▸ INSTRUCTIONS TO FOLLOW:
Only the text of the entries below should be returned, exactly as given, without pictures.

-------

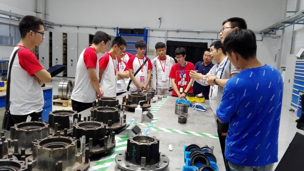 下午,在李博学校友的陪同下,实践队参观了轴承自动化生产线车间、轴承磨加工车间和轴承装配车间,在与一线员工进行交流学习的过程中,队员们对轴承的生产工艺、生产过程有了进一步的认识,深刻体会到理论与实践相结合的重要性。随后,队员们又来到了轴承精密检测与测量实验室进行参观学习,并在参观途中与李博学校友就轴承检测过程中采集到的实验数据及之后的数据处理分析进行了详细的技术交流。最后,在企业技术负责人张小波的带领下队员们来到集团园区的轴承陈列馆,了解了SKF的轴承发展史、参观了SKF自主创新的轴承部件和世界领先的自创实验机,这些都使队员们大开眼界、获益匪浅,队员们纷纷感慨道:看了这些才深刻体会到“创新是引领发展的第一驱动力”的含义。
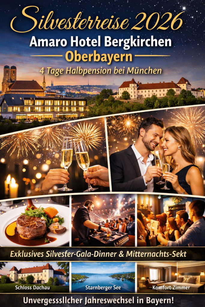 Erleben Sie Silvester 2026 im Amaro Hotel Bergkirchen und genießen Sie den Jahreswechsel in Oberbayern zwischen Stadt und Natur. Das Hotel liegt westlich von München nahe der Wiesen und Wälder rund um Dachau. So verbindet Ihre Reise Entspannung im Dachauer Umland mit kurzen Wegen in die Stadt – perfekt für eine Winterauszeit mit festlichem Anlass. […]
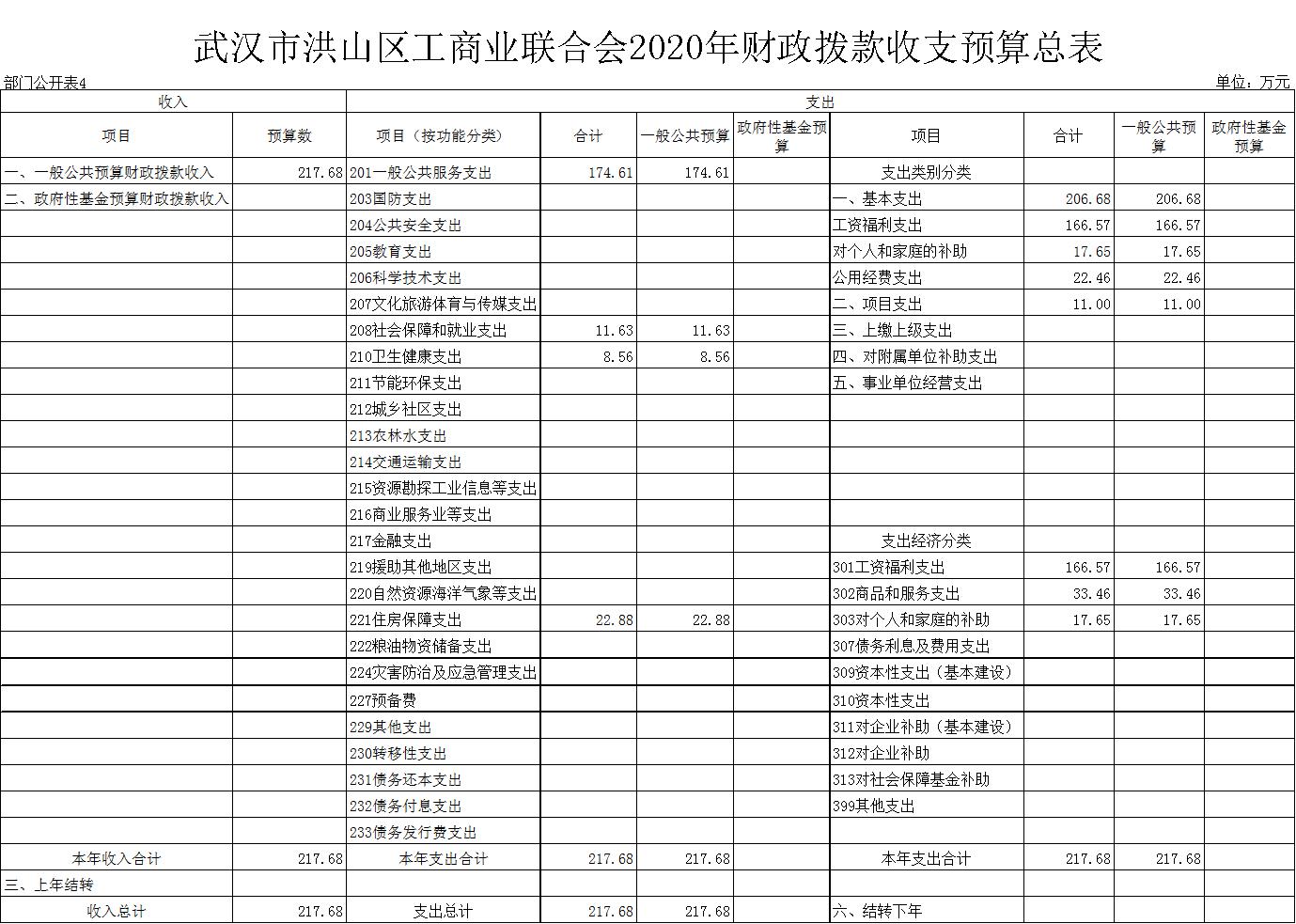 名 称:黄色网址 工商业联合会2020年财政拨款收支预算总表
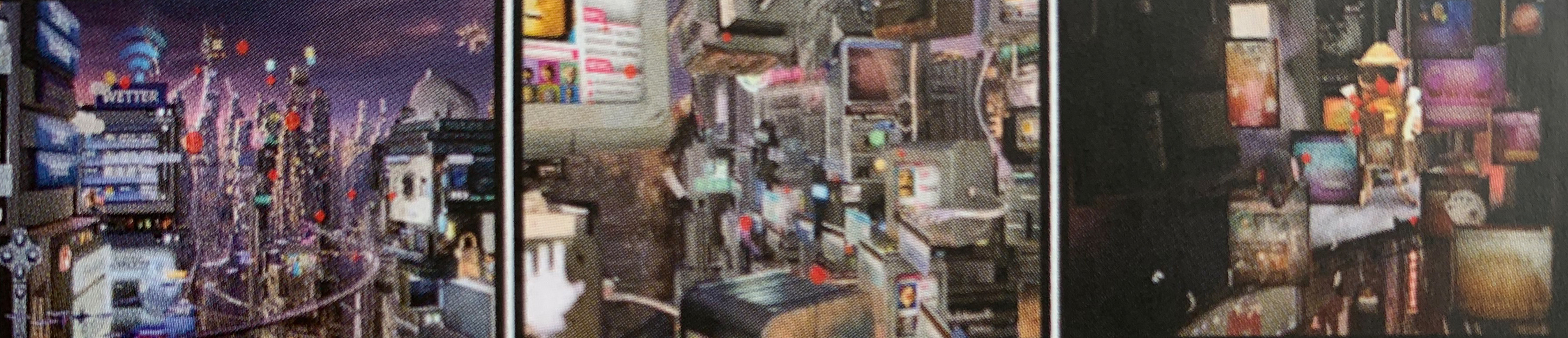 In the first 20 seconds of the long version, a suggestive atmosphere was used to illustrate the dangers of the internet. In accordance with this intention, the atmosphere of this part can be characterized as dark, sleazy, cluttered, loud, hectic, confusing, dubious and futuristic.
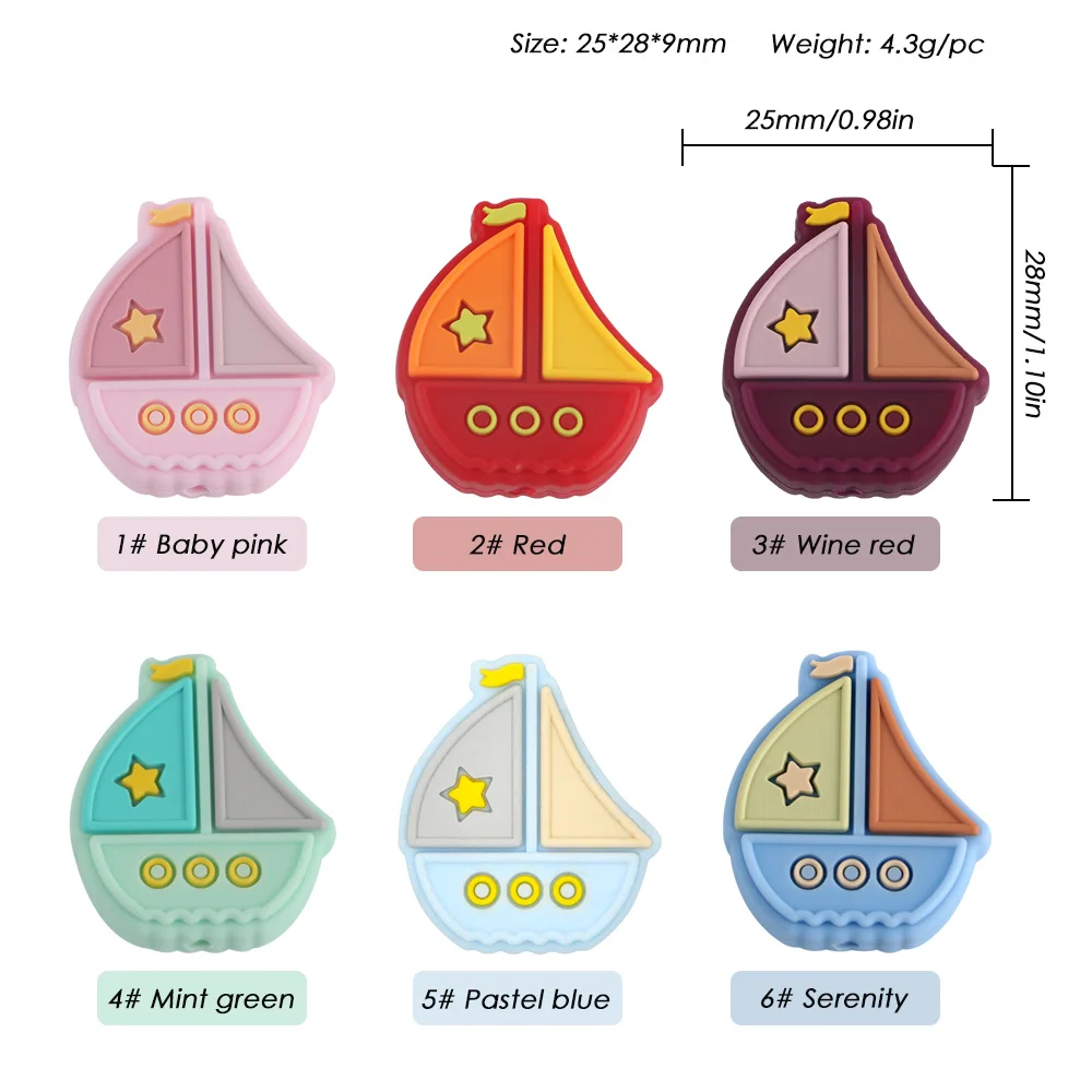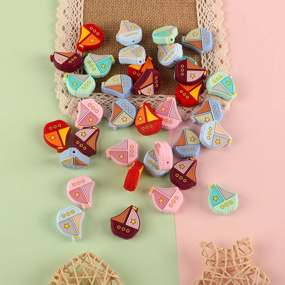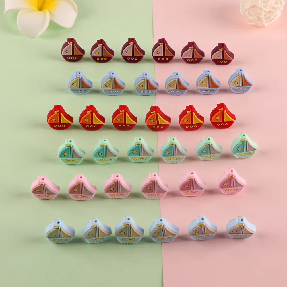 Парусник, 10 шт., форма парусника, силиконовые бусины, детский молар, прорезыватель, бусина сделай сам, цепочка для пустышки, ювелирные изделия, аксессуары

-------

▸ SOLUTION TO THIS EXERCISE:
 下午,在李博学校友的陪同下,实践队参观了轴承自动化生产线车间、轴承磨加工车间和轴承装配车间,在与一线员工进行交流学习的过程中,队员们对轴承的生产工艺、生产过程有了进一步的认识,深刻体会到理论与实践相结合的重要性。随后,队员们又来到了轴承精密检测与测量实验室进行参观学习,并在参观途中与李博学校友就轴承检测过程中采集到的实验数据及之后的数据处理分析进行了详细的技术交流。最后,在企业技术负责人张小波的带领下队员们来到集团园区的轴承陈列馆,了解了SKF的轴承发展史、参观了SKF自主创新的轴承部件和世界领先的自创实验机,这些都使队员们大开眼界、获益匪浅,队员们纷纷感慨道:看了这些才深刻体会到“创新是引领发展的第一驱动力”的含义。
 Erleben Sie Silvester 2026 im Amaro Hotel Bergkirchen und genießen Sie den Jahreswechsel in Oberbayern zwischen Stadt und Natur. Das Hotel liegt westlich von München nahe der Wiesen und Wälder rund um Dachau. So verbindet Ihre Reise Entspannung im Dachauer Umland mit kurzen Wegen in die Stadt – perfekt für eine Winterauszeit mit festlichem Anlass. […]
 名 称:黄色网址 工商业联合会2020年财政拨款收支预算总表
 In the first 20 seconds of the long version, a suggestive atmosphere was used to illustrate the dangers of the internet. In accordance with this intention, the atmosphere of this part can be characterized as dark, sleazy, cluttered, loud, hectic, confusing, dubious and futuristic.
 Парусник, 10 шт., форма парусника, силиконовые бусины, детский молар, прорезыватель, бусина сделай сам, цепочка для пустышки, ювелирные изделия, аксессуары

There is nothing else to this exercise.